Here in sweden there are currently circulating some email with a challange about solving a math puzzle.
It’s nothing special really but the mail goes something like this (translated):
(Don’t blame me for the claims in the quote, it’s not my words)
It’s said that only people with an IQ over 120 can solve the following problem:
If we assume that:
2 + 3 = 10
7 + 2 = 63
6 + 5 = 66
8 + 4 = 96How much is?
9 + 7 = ????
The mail contains an excel file with a password and can only be opened if you know the answer to the above.

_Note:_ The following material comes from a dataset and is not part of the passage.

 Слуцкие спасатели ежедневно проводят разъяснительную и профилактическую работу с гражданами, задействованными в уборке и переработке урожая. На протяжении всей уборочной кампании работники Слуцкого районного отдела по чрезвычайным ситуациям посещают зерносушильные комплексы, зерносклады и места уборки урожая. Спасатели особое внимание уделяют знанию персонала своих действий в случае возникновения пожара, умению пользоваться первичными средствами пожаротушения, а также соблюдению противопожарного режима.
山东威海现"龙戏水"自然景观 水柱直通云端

Just for the hell of it I entered the problem into my old genetic expression evolver:
http://rogeralsing.com/2008/02/07/genetic-programming-math/
The application is based on genetic programming and does use genetic crossover and a real population (unlike my EvoLisa sample).

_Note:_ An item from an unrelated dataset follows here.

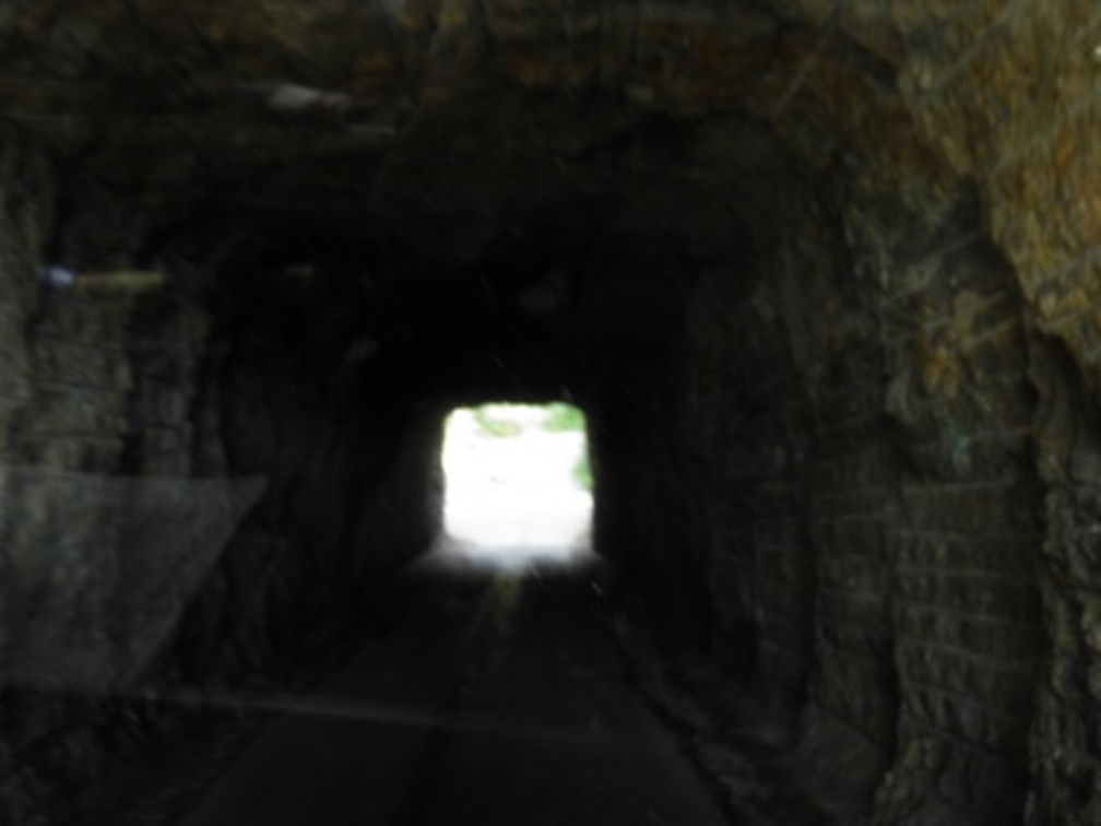 the Iron Mountain Rd passes through three low narrow tunnels, one with a

The problem was described like this:
problem.Cases.Add(new Case(2, 3, 10));
problem.Cases.Add(new Case(7, 2, 63));
problem.Cases.Add(new Case(6, 5, 66));
problem.Cases.Add(new Case(8, 4, 96));
The first and second arguments are variable values and the last argument is the expected output.
And here is the output of the application:
As you can see on the screenshot, the application have solved the equation in 250 generations (a few milliseconds).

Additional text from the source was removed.